/GBDT-PL

Gradient Boosting With Piece-Wise Linear Trees

Primary LanguageC++MIT LicenseMIT

GBDT-PL

This is the implementation for the paper Gradient Boosting with Piece-Wise Linear Regression Trees. We extend gradient boosting to use piecewise linear regression trees (PL Trees), instead of piecewise constant regression trees. PL Trees can accelerate convergence of GBDT. Moreover, our new algorithm fits better to modern computer architectures with powerful Single Instruction Multiple Data (SIMD) parallelism.
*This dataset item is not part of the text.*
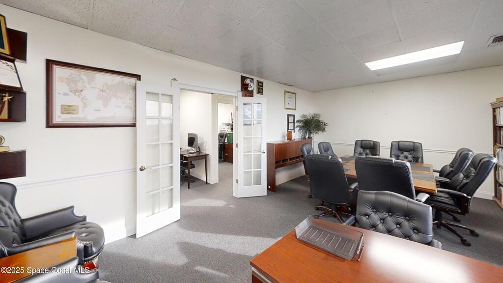 Available October 1, 2025. Centrally located Cocoa Beach commercial office on the 4th floor of the Cape Royal Building with a West facing picturesque view of the Banana River. The office is configured with a reception/bull pen area, private office, server closet and a large office/conference room for 594 contiguous square feet. (Units 426-428) The building has 24-hour access with automatic front doors and secure after-hours locking doors. There is plenty of parking in front and rear of the building. 3 elevators for quick access. Brand new impact windows and exterior paint for a fresh look. Digital and Pylon signage available from the Association. The building has fire protection in the form of sprinklers. FedEx and UPS has onsite lobby pickup. Rent includes electricity. Public restrooms on floors 2-10. Association fee paid by Owner. Diverse tenant mix and most commercially zoned businesses allowed. Owner is a Licensed Real Estate Broker.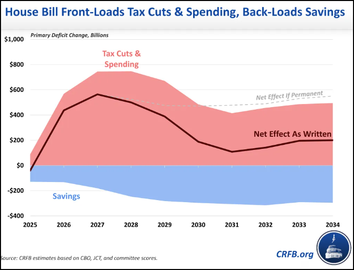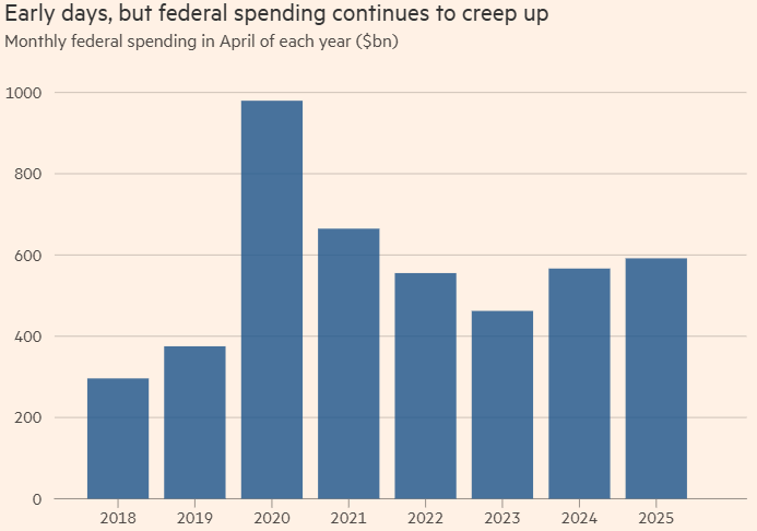 WHAT’S THE BULLISH CASE? Let’s start with fiscal. As budget negotiations continue to evolve, it’s becoming clear that the House bill would add $3.3tn to the debt (including interest) or $5.2tn if temporary provisions are made permanent, according to the Committee for a Responsible Federal Budget (CFRB). This is partly because new borrowing is front-loaded, whilst offsets are back-loaded…essentially leading to massively increased deficits in the next few years. CFRB estimate a $600bn boost to the deficit for FY27 with ~$770bn of new borrowing and ~180bn of cost reductions. This is a full 1.8% of GDP and represents a one-third increase in total projected deficits to $2.3tn and a doubling of the primary deficit. As the chart below shows, the bulk of tax cuts and spending happens in the 2026-29 window, whilst savings don’t kick-in until the second half of the 10yr budget window. Make no mistake. This is clearly by design and represents a substantial fiscal impulse and boost to growth (and inflation). Meanwhile, the much-anticipated savings from DOGE – once mooted to be as much as $2tn – are rapidly paling into insignificance. Their website claims $170bn in savings, but an FT investigation suggests only a fraction of that can be verified. At the same time, federal spending continues to rise with total outlays of $592bn in April, up both in MoM and YoY terms.

We name our new algorithm GBDT-PL.

News

An approximated version of GBDT-PL has been implemented in LightGBM with the linear_tree=true parameter enabled.

Experiments

We evaluate our algorithm on 10 public datasets.

Dataset Name #Training #Testing #Features Task Link
Higgs 10,000,000 500,000 28 Classification higgs
Epsilon 400,000 100,000 2000 Classification epsilon
HEPMASS 7,000,000 3,500,000 28 Classification hepmass
SUSY 4,000,000 1,000,000 18 Classification susy
CASP 29,999 15,731 9 Regression casp
SGEMM 193,280 48,320 14 Regression sgemm
SUPERCONDUCTOR 17,008 4,255 81 Regression superconductor
CT 29,999 15,731 384 Regression ct
Energy 29,999 15,788 27 Regression energy
Year 412,206 103,139 90 Regression year

Accuracy

We compare the accuracy in the following table. For XGBoost, LightGBM and CatBoost different settings of hyperparameters are tried and the best result is picked for each algorithm. For GBDT-PL, we separte 20% of the training data for validation. Details of settings can be found in Parameter Setting Section of Experiment Setting.
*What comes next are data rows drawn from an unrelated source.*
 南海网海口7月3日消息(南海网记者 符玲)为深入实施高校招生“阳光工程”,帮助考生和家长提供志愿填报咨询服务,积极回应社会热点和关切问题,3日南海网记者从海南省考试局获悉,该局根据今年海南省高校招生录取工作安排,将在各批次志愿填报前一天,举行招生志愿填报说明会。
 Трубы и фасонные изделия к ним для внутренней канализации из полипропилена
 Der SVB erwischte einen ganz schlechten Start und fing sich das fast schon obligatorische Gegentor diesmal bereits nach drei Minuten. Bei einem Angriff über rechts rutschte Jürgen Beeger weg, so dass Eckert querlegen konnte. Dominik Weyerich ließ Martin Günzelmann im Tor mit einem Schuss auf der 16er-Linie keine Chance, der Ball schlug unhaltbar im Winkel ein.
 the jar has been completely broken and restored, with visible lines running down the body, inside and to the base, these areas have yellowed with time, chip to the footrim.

Dataset Name LightGBM XGBoost CatBoost GBDT-PL
Higgs 0.854025 0.854147 0.851590 0.860198
Epsilon 0.951422 0.948292 0.957327 0.957894
HEPMASS 0.95563 0.95567 0.95554 0.95652
SUSY 0.878112 0.877825 0.878206 0.878287
CASP 3.4961 3.4939 3.5183 3.4574
SGEMM 4.61431 4.37929 4.41177 4.16871
SUPERCONDUCTOR 8.80776 8.91063 8.78452 8.79527
CT 1.30902 1.34131 1.36937 1.23753
Energy 64.256 64.780 65.761 65.462
Year 8.38817 8.37935 8.42593 8.37233

Training Time

We use the histogram version of XGBoost and LightGBM. Each tree in our experiments has at most 255 leaves. For CatBoost, we constrain the maximum tree depth to 8. The learning rate is 0.1. We test both 63 bins and 255 bins for the histograms. lambda is the coefficient for regularization terms, we set it as 0.01. min sum of hessians is the minimum sum of hessians allowed in each leaf. We set it as 100 to prevent the trees from growing too deep. For GBDT-PL, we use at most 5 regressors per leaf.
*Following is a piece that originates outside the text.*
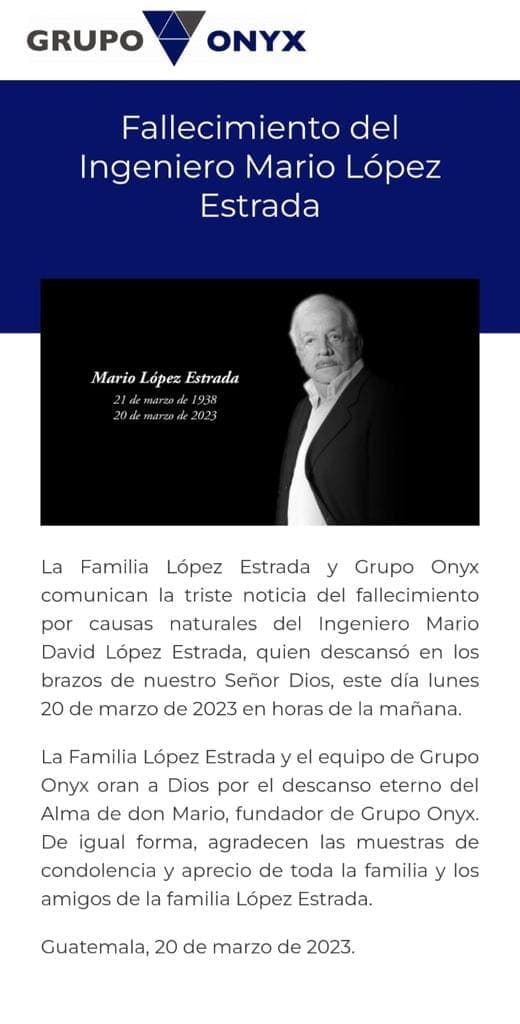 Este lunes 20 de marzo falleció el empresario Mario López Estrada, según informó su familia y el grupo Onyx mediante un comunicado, indica la nota publicada por el medio TV Azteca de Guatemala.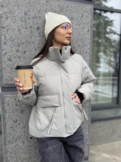Куртка демисезонная осенняя оверсайз короткая с капюшоном

max leaves learning rate bins lambda min sum of hessians
255 0.1 63/255 0.01 100

We plot the accuracy of testing sets w.r.t. training time in Figure 2. To leave out the effect of evaluation time, for each dataset we have two separate runs. In the first run we record the training time per iteration only, without doing evaluation. In the second round we evaluate the accuracy every iteration. We use 24 threads for all algorithms. The preprocessing time is excluded.

Convergence Rate

We run 500 iterations and plot testing accuracy per iteration. For classification tasks, we use AUC as metric, and for regression we use RMSE.

Reference Paper

Yu Shi, Jian Li, Zhize Li. Gradient Boosting with Piece-Wise Linear Regression Trees. Proceedings of the 28th International Joint Conference on Artificial Intelligence. 2019: 3432-3438.